NO GLOBAL MELTDOWN FOR US: RBI UNDERTAKES SWACHH BANKING SECTOR ABHIYAAN
It was a different Thursday
altogether, at least for the stock markets. MadamYellen’s testimony reiterated what
future is going to look like for global financial markets. Volatility is going
to be the basics for stock markets world over. Her statements made it clear
that central banks themselves are on an uncertain path and all policy decisions
for the US FED are going to be relative to both domestic and global developments
for next March meeting. US Fed meeting coincided with bank results in Europe
and thus market turmoil worsened. But the actual culprit is Mr Kuroda and his
negative interest rate policy leaving financial markets stumped as Japan also
started following below zero interest rates similar to European countries already
in recession.
But what happened to us. Okay rest of
the world also had a hard landing but our indices lost more than 3% in a single
day. This time it’s just not them, it is also us. Sate Bank of India came up
with its quarterly results with a 70% fall in profits and provisions going up
by a whopping 60% YOY and 83% QOQ. That was disastrous and unexpected by the
markets. Though the rest of PSU banks were giving poor results with Dena bank,
Allahabad bank and IOB even reporting negative quarterly profits, SBI’s
quarterly performance was like last nail in the coffin.

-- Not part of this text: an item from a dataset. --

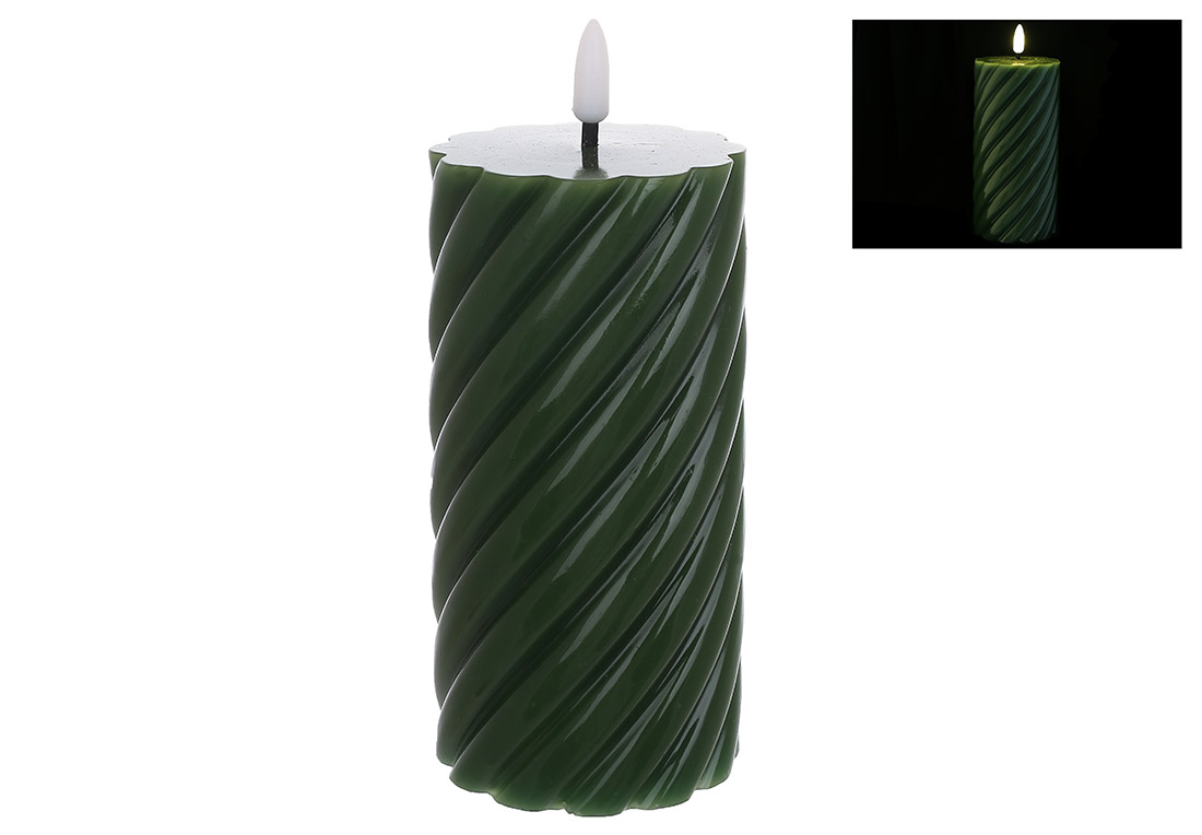 Світлодіодна воскова фігурна воскова свічка з живим полум'ям 7.5*15см (2хАА не входять до комплекту), тепле біле світло, колір - зелений

Our Governor at CII’s banking summit yesterday did his best
to put issues at rest with respect to Indian banking sector. RBI duly supported by the
central government is on a clean up drive which might be painful in the short
run but was long overdue. Since, 2008 crises, PSU banks were forced to lend
heavily to power & infrastructure sector and even below their base rates. Although
banks are in better position since then especially with respective to
administration and decision making process with change of guard at center, old
cobwebs have to cleaned, unwanted stuff has to be discarded to let in new hope
for the future. Without this clean up, growth would be very difficult for
public sector banks which still accounts for 70% of the total banking sector.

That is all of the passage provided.